The referendum campaign in July reported amassing $50 million in an “initial contribution” from McDonald’s, In-N-Out, Chick-Fil-A and the International Franchise Association and National Restaurant Association.
The Service Employees International Union, sponsor of the law, and other labor groups said the fast food industry, which employs more than 500,000 Californians, is in particular need of regulation because of low wages, unpredictable scheduling and what they said were harsh working conditions in restaurants often controlled not by the corporations but by numerous independent franchise operators.
“For the last decade, fast-food cooks, cashiers and baristas in California have been sounding the alarm on the poverty pay and unsafe working conditions plaguing our industry,” Ingrid Vilorio, a leader in union efforts to organize fast food workers, said in a statement. “We have always known that to solve these problems, we need a seat at the table with our employers and the power to help shape better rules across our industry.”
Businesses have painted the law as an overreach, countering that restaurants have already raised wages during a period of record inflation, and said additional regulations would force fast food stores to close or hike prices. Last December, the average hourly wage of California fast food workers was about $19.
In response to the referendum, SEIU and a furious Assemblymember Chris Holden, the Pasadena Democrat who authored the fast food council law, this year introduced AB 1228, the bill to establish joint labor law liability for corporations. That provision was stripped out of the law in 2022 to gain more support for its passage.
Also, this year’s state budget included a $3 million line item to resurrect the Industrial Welfare Commission, a state board dormant since 2004 that could also write new, industry-specific regulations. Over the weekend, lawmakers in another budget bill proposed calling off that commission’s revival.
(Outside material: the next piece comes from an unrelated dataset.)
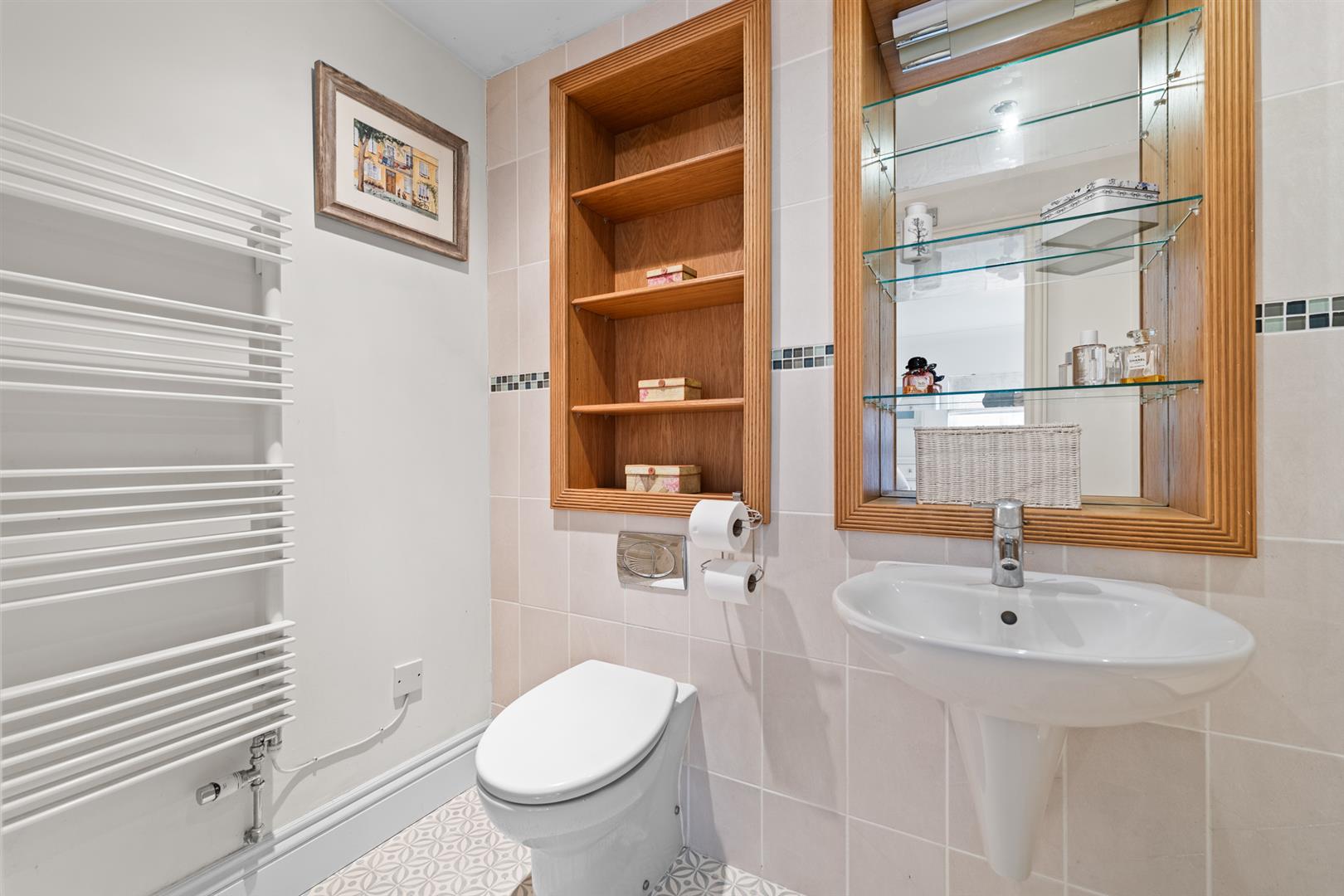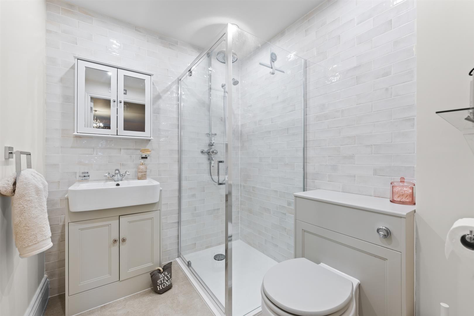 Ensuite Shower Room - 1.93m x 1.78m (6'4" x 5'10") - Tastefully appointed with a modern three piece suite with a heritage slant, comprising shower enclosure with glass screen and wall mounted shower mixer with both independent handset and rainwater rose over, close coupled WC set in a vanity surround and vanity unit with inset washbasin with chrome mixer tap and tiled splash backs; inset downlighters to the ceiling and contemporary towel radiator.

The deal, which has days to be approved before the legislative session ends Thursday, would require the fast food council convene and meet for the first time by March 15, 2024 — earlier than it would have if it had to await voter approval next November.
“Together, with both supporters and opposition, we are establishing a new standard that inspires a safe and prosperous environment within the fast food industry,” Holden said in a statement.
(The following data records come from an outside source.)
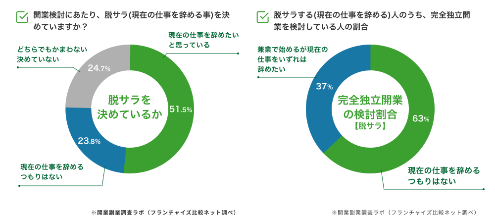 現在仕事をしながら開業を検討中の人を対象に、現職の継続意思について調査したところ「辞めたいと思っている」割合は51.5%と過半数を超えました。一方、「現在の仕事を辞めず兼業(副業)という形で開業を希望している」と「決めていない」割合はそれぞれ1/4程度。現在の仕事を辞めて脱サラを希望している人においては、「完全独立開業を検討」は63%、「兼業(副業)で始めるが現在の仕事をいずれは辞めたい」が37%となったため、現在の仕事をすぐに辞めて完全独立開業したい人、兼業(副業)の形で開業したい人の数はそれほど変わらないという結果になりました。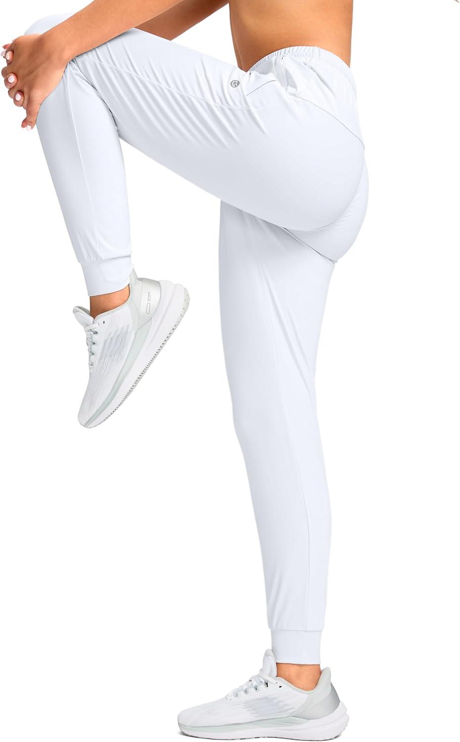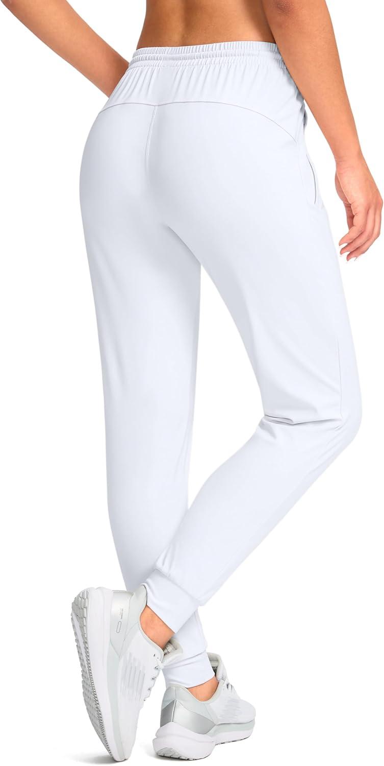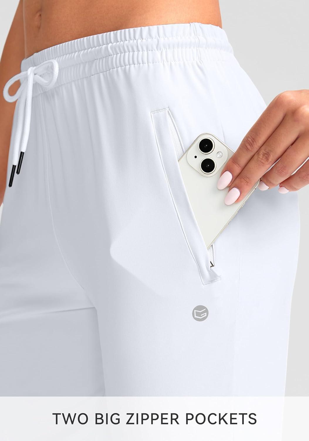 G Gradual Women’s Joggers Pants with Zipper Pockets Tapered Running Sweatpants for Women Lounge, Jogging(White)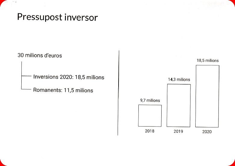 El presupuesto, en sus versiones de ingresos y gastos ascenderá a casi 187 millones de euros, el mayor de la historia de la ciudad. La alcaldesa lo ha definido como Expansivo, social e inversor y ha anunciado inversiones por valor de 30 millones de euros. Parte de los fondos inversores procederían de las cuentas municipales y fondos europeos, y los 11,5 millones restantes de remanentes del presupuesto de 2019.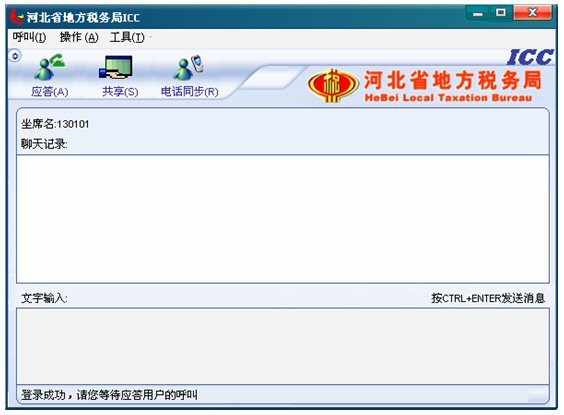 3. 稍等片刻,ICC登录成功,此时坐席就可以等待纳税人的呼叫了,左下角状态栏有文字提示“登录成功,请等待应答用户的呼叫”。如下图:
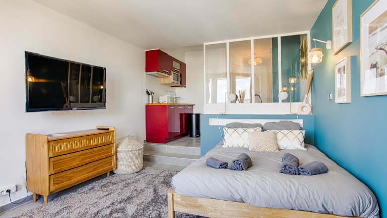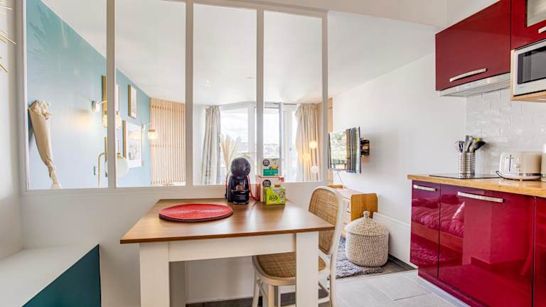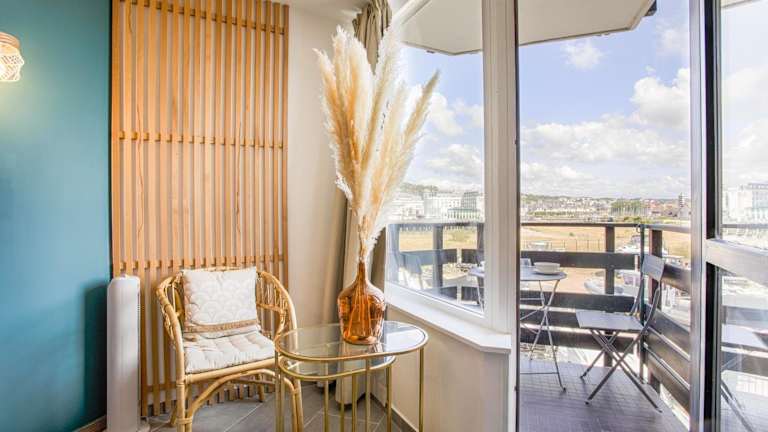 Die Ferienwohnung LA REV'RIE - vue sur mer avec balcon bietet eine herrliche Aussicht auf das Meer sowie auf den Fluss. Sie ist ideal für Gäste, die eine heimelige Unterkunft mit Balkon in Strandnähe suchen.

“It provides meaningful wage increases for workers, while at the same time eliminates more significant – and potentially existential – threats, costs, and regulatory burdens targeting local restaurants in California,” International Franchise Association president and CEO Matt Haller said in a statement.
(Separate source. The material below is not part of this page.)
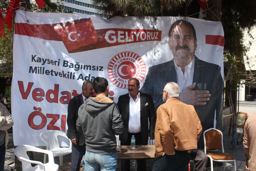 28.Dönem Kayseri Bağımsız Milletvekili Adayı Vedat Ali Özışık, cumhuriyet meydanına seçim standı açtı. Özışık, 50 binin üzerinde oy alarak milletvekili seçileceğini söyledi.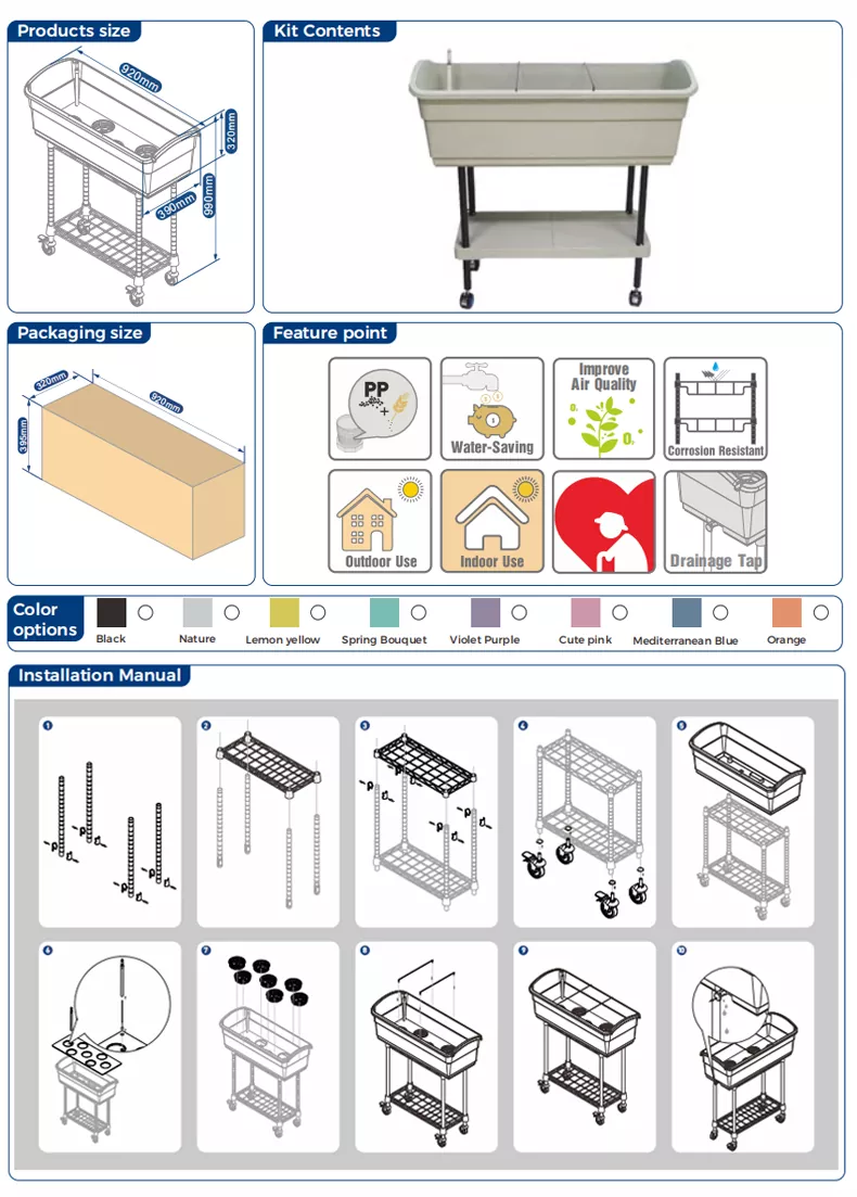 A Mobile Elevated Garden Bed megfelel az ergonómiai tervezési elveknek, különös tekintettel az idősekre, akiknek mozgási nehézségeik miatt nehezen tudnak guggolni. Egyrétegű tárolórekesz kialakításával mindenféle virág- és növénytermesztéshez szükséges szerszámot és kiegészítőt tárolhat. Univerzális kerekekkel van felszerelve, ami megkönnyíti a mozgását beltéri és kültéri környezetben egyaránt. Jól kielégítheti a városokban élők igényeit, akik szeretik az ültetést. Kiváló környezetet biztosít a növénytermesztéshez, és segít könnyen kialakítani saját ökológiai, zöld és egészséges életmódját.

The agreement also tweaks the council’s 10-member makeup to nine by making the two state government representatives non-voting members and adding a “member of the public.” The council would still include two fast food workers, two labor representatives, two fast food industry representatives and two fast food franchise owners.
The newly proposed council also would write rules that apply to more restaurants — those that belong to a chain with at least 60 locations nationally, compared with 100 locations as outlined in the 2022 law. The deal also removes a provision by which cities and counties could convene their own fast food councils, which businesses had said could create a burdensome number of additional regulations.
As previously enacted, the council would operate for five years unless lawmakers extend it. And it has the same restrictions as the version passed last year — limited to rulemaking on wages and workplace safety, though the council would have to petition the California Division of Occupational Safety and Health to enact some of those rules. It would not be able to write rules that create new time-off benefits or dictate how restaurants schedule workers’ hours.
The fast food industry and unions were in a crunch to reach an agreement by tonight, the absolute last chance for bills to be amended this session because of a requirement they be in print for 72 hours before a final vote. The Legislature now must waive other deadline rules to bring the measure to the floor for consideration.
The deal is only possible because of a brand-new law signed on Friday by Newsom. AB 421 by Assemblymember Isaac Bryan, a Culver City Democrat, creates a process for proponents of a referendum to withdraw their measure from the ballot until 131 days before the election. Such a process already existed for other statewide initiatives, but not for efforts to overturn a law passed through the legislative process.
The Legislature rushed the bill through a final series of votes last Tuesday and sent it to the governor’s desk with an urgency clause allowing it to take effect immediately. That means, for the November 2024 election, referendums can be pulled off the ballot until June 27 — potentially opening the door for another deal next session with the oil industry over a referendum they qualified challenging a 3,200-foot drilling setback around homes, schools and health care facilities.